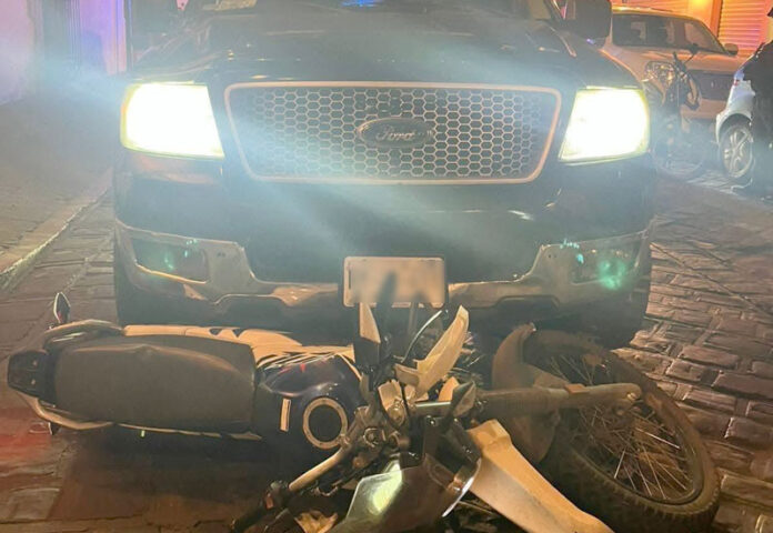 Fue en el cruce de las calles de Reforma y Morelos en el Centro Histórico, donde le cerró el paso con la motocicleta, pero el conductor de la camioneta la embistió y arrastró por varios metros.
---
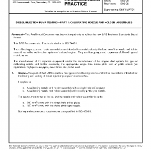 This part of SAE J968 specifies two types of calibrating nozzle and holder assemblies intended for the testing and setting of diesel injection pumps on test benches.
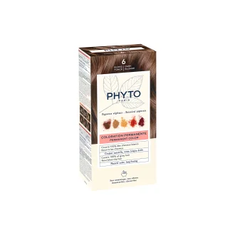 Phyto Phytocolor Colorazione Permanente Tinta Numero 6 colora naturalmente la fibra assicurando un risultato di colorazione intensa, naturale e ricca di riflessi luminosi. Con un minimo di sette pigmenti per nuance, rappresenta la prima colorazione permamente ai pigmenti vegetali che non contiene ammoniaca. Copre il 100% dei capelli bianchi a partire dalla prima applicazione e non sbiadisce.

_Activity_.
Beginning at the line above that contains "This part of", repeat each line exactly through the one that contains "Phyto Phytocolor Colorazione", and leave out the pictures.

_Response_.
 This part of SAE J968 specifies two types of calibrating nozzle and holder assemblies intended for the testing and setting of diesel injection pumps on test benches.
 Phyto Phytocolor Colorazione Permanente Tinta Numero 6 colora naturalmente la fibra assicurando un risultato di colorazione intensa, naturale e ricca di riflessi luminosi. Con un minimo di sette pigmenti per nuance, rappresenta la prima colorazione permamente ai pigmenti vegetali che non contiene ammoniaca. Copre il 100% dei capelli bianchi a partire dalla prima applicazione e non sbiadisce.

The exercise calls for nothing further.